Но сейчас появление призрака застало Паландору врасплох, в том числе ещё и потому, что сама она не вполне была в своём теле. И, к тому же, проникла без разрешения в Залу, в которую не принято входить без хозяев. Грэм Рэдкл смотрел на неё оценивающим взглядом и не спешил встречаться с ней глазами. Паландора отошла на шаг назад и, подняв голову, решилась с ним заговорить.
— Прошу прощения, достойный киан. Я знаю, меня здесь быть не должно. Извиняюсь за то, что потревожила ваше уединение, и не посмею вас больше беспокоить.
На лице призрака отразилось недоумение.
— Ну надо же, — сказал он и вытянулся в струну. — Ты меня видишь, девочка? Послушай, как ты вообще сюда попала? Я не заметил, чтобы кто-нибудь открывал дверь.
Паландора стушевалась. Её настиг двойной конфуз: она не просто заглянула туда, где ей не следовало бывать, но ещё и сделала это запрещённым способом и теперь была вынуждена оправдываться перед человеком, которого давно уже не было в живых, но который, так или иначе, оставался достойным предком и полноправным хозяином этого замка. Он заслуживал уважительного отношения. Но что произойдет, если призрак догадается о том, что она — ведьма? Впрочем, не пойдёт же он рассказывать об этом всем живым…
Паландора, как могла, с должной учтивостью объяснила киану Грэму, как здесь очутилась, и что на самом деле она в этот момент находилась в своих гостевых покоях на верхнем этаже.
— Вот как? — удивился он. — Я ничего подобного за девятнадцать лет не видел. Да и при жизни тоже — если я правильно помню. С годами всё, что было до моей безвременной кончины, стирается, лишь память о ней самой так же ярка, как в день, когда это произошло.

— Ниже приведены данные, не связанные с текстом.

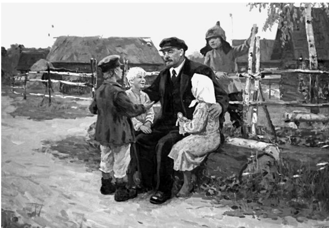
Ленин и крестьянские дети

– Мужика теснить ты права не имеешь. Потому мужик – большая сила в государстве, от него и хлеб идет. Значит, как друга своего я наказать тебя должен примерно.
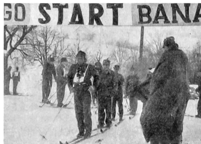
Am Start zum Patrouillenlauf

Der Unteroffiziersverein Baselland führt seit dem Jahre 1947 bei günstigen Schneeverhältnissen im Baseltaler Jura Militär-Skiwettkämpfe durch, die jeweils einen Ski-Einzellauf mit Handgranatenwerfen und Schießen, einen Patrouillenlauf mit Schießen und einen Riesenslalom umfassen. Anlaß zu diesen Wettkämpfen gaben die «Weißen SUT» 1946 in Davos. Daran beteiligte sich auch eine starke Patrouille des UOV Baselland, die sich im Partouillenlauf im ersten Range zu plazieren vermochte. Angesporn durch den Patrouillensieg wurde auf der Heimfahrt der Gedanke erwogen, eigene regionale Militär-Skiwettkämpfe zu organisieren. Nach eingehender Beratung war man sich einig: Ab 1947 werden jeweils alljährlich im verkehrstechnisch günstig gelegenen Läuelfingen am unteren Hauenstein Militär-Skiwettkämpfe durchgeführt. Wir müssen heute gestehen, die Wahl des Austragungsortes war nicht schlecht. Nicht schlecht deswegen, weil dort ein Gelände vorhanden ist, das jeder Anforderung gerecht wird, und weil in Läuelfingen und Umgebung ein Völklein wohnt, das die außerdienstliche Tätigkeit unserer Wehrmänner zu schätzen weiß und jeweils recht zahlreich die Wettkämpfe verfolgt.
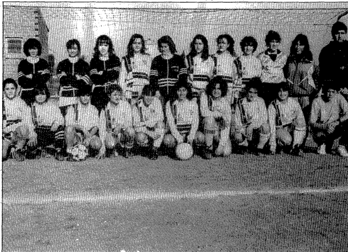
La plantilla del Llers no canviarà gaire. (Foto MARTÍ BATLLE).

La totalitat de la plantilla 1990/91 continuarà una temporada més
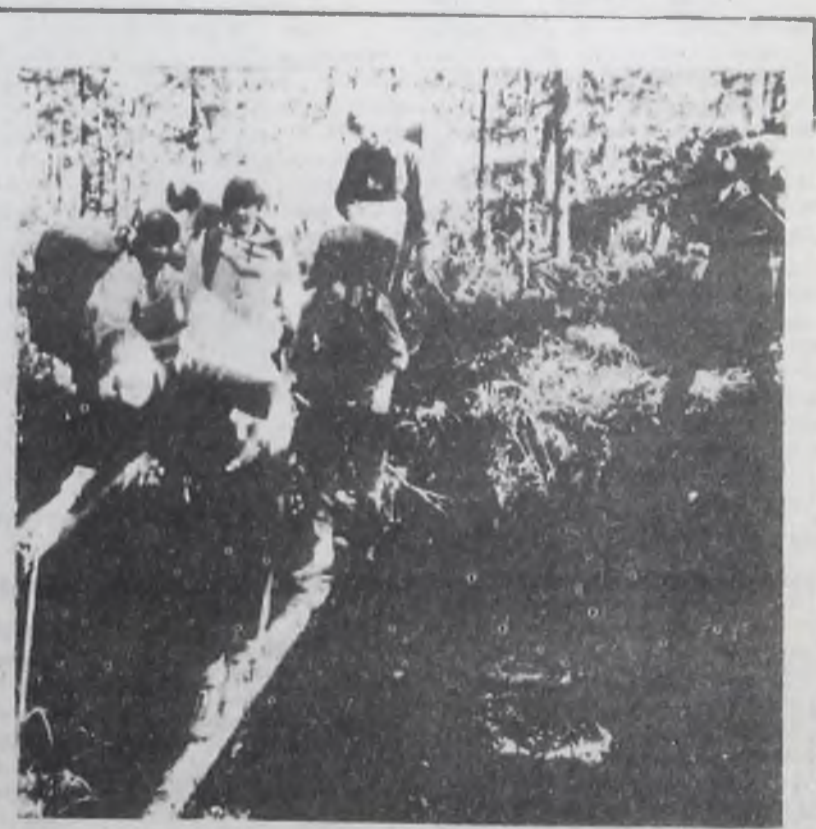
НА ТУРИСТСКИХ ТРОПАХ
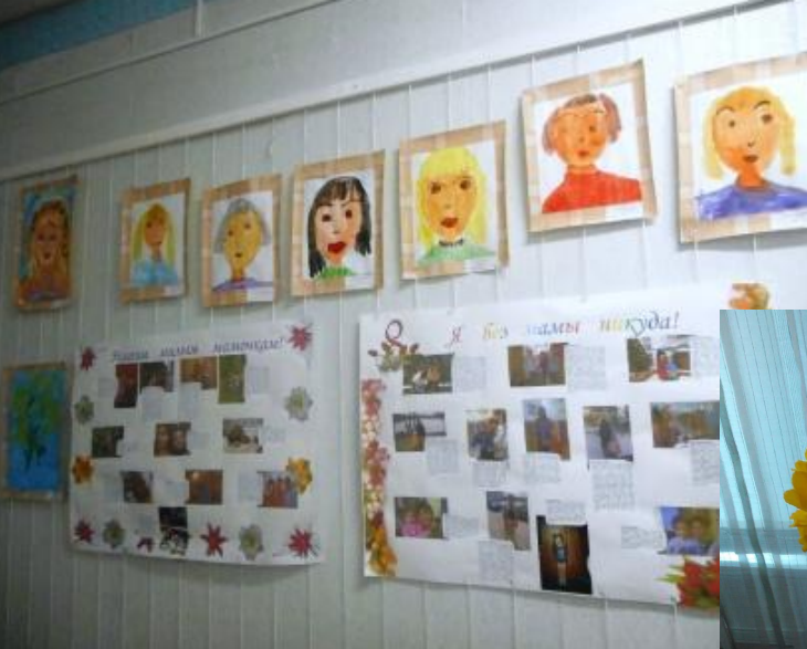
Газеты «Моя милая мамочка» - на которой всё не поместилось, мы сделали веер. Рядом с фотографией мамы – рассказ о ней

Он пустился в воспоминания, рассказал о болях в ноге, о заражении крови, об агонии и лихорадке и последующем ослаблении пульса. Как он пытался бороться с болезнью ради себя и семьи, а по сути, убивал себя сам защитными силами своего же организма.
— Откуда я это знаю? — спросил он, обращаясь, скорее, к себе. — Хороший вопрос. Так получается, девочка, что, когда попадаешь сюда, начинаешь вдруг понимать многие вещи, которых не знал при жизни. И наоборот: знания, которыми ты владел тогда, утрачивают своё значение. Сама жизнь теряет значение. Я вижу, как мой сын и внуки приходят в Залу, зажигают свечи и рассказывают о своём бытии, но с каждым последующим годом их рассказы трогают меня всё меньше, и тогда единственное, чего я хочу, это выдернуть себя из этой боли и лихорадки и отправиться, наконец, куда положено.

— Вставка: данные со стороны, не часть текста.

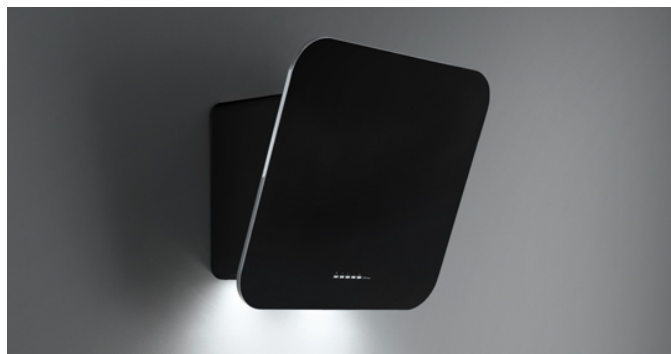
Фотографія призначена виключно в якості інформації Може не відповідати обраній версії.

Тип установки Настінна Габарити 60 см Покриття Фронтальна частина чорного кольору Хромована рама Двигун 800 м³/х Тип керування Електронне керування Налаштування швидкості 4 Освітлення LED 4x1,2 W – 3200 K Фільтр Metallic filter "Top" - Tab 60 Вугільний фільтр Круглий вугільний фільтр Ø170 мм - Тип 6 (включено) Мінімальна відстань Газова плита: 55 см Електрична плита: 52 см
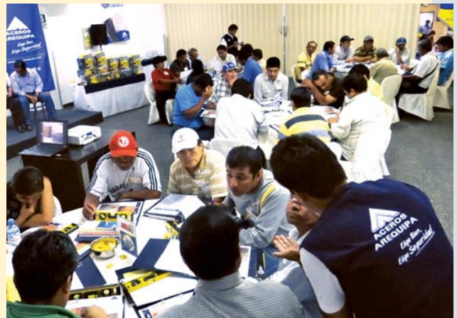
Conversatorio para maestros de obra en Chiclayo.
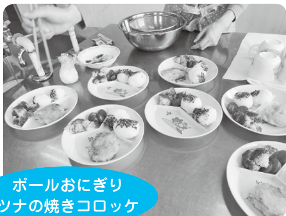
ボールおにぎり ツナの焼きコロッケ

日時：7月17日(水) 9:30より受付 場所：相良村ふれあいセンター ※準備の都合上、12日(金) までお知らせください。
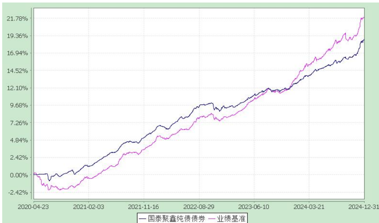
自基金合同生效以来份额累计净值增长率与业绩比较基准收益率的历史走势对比图 (2020 年 4 月 23 日至 2024 年 12 月 31 日)

注：本基金合同生效日为 2020 年 4 月 23 日。本基金在六个月建仓期结束时，各项资产配置比例符合合同约定。
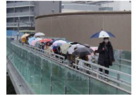
雨の中足元に気をつけながら

記念イベント当日は、あいにくの雨。児童は、先生方とPTAの皆さんに付き添われて、学校とセンターの間を歩いて往復しました。大ホールで開催された記念イベントには、児童約740人、児童の付き添いにご協力いただいたPTAの皆さん約100人、見学される保護者・来賓の皆さん等を含め、約1,000人が参加。学校内では実施できない大きな規模となりました。
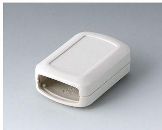
B2822107 CONNECT S АСА+ПК (UL 94 V-0) белый RAL 9002 60x42x22mm
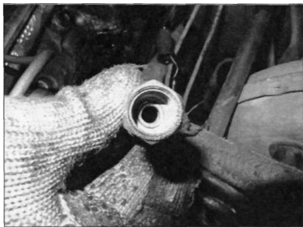
Уплотнительное кольцо нужно поддеть отвёрткой...
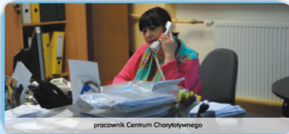
pracownik Centrum Charytatywnego

1% Twojego podatku przeznaczamy na niesienie pomocy chorym i niepełnosprawnym dzieciom.
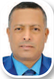
جزائر منتصرة في أفق المستقبل
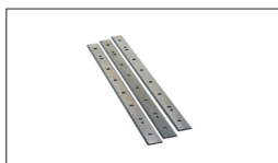
Réf : 10000287 FERS HSS (à l'unité) 260 x 25 x 3 mm

— Я понимаю, — ответила Паландора. — Возможно я могу что-нибудь сделать.
В дымчатых глазах её собеседника промелькнуло подозрение.
— Позволь узнать у тебя, девочка, кто ты такая? Впрочем, сомнений нет: у тебя черты её лица. Я не раз, бывало, говорил Верховному королю…
Призрак осёкся и резко замолчал.
— Как тебя зовут и откуда ты? — спросил он начальственным тоном. Паландора подробно ответила на его вопросы в надежде, что он вернётся к разговору о короле, но киан Грэм не был настроен говорить об этом даже по её просьбе.
— Это не имеет значения, Паландора. Ничто не имеет значения. Я просто воплощённое воспоминание, тяготящееся грузом задач, не выполненных при жизни. Мой сын делает всё по-своему, растит внуков не так, как они бы росли под моим началом. Я всё это вижу, и всё это проходит сквозь меня, но боль… Боль остаётся. Я — генерал, а нам не позволено показывать слабость и говорить о боли, но всё, что осталось мне после жизни, это лишь слабость и боль. Спустя девятнадцать лет поневоле заговоришь о них: тем более, когда впервые за все эти годы тебя слушают.
Он был не вполне прав. Паландора его не слушала: точнее, слушала рассеянно, погрузившись в свои воспоминания. Ей бы очень хотелось помочь этому человеку, тем более что, когда он говорил о себе, она начинала физически ощущать всё то же самое, что должен был чувствовать он. Паландора мельком бросила взгляд на свою ногу — та выглядела как обычно, но её саднило изнутри; казалось, ещё немного, и хрустнут кости и откроется рваная рана.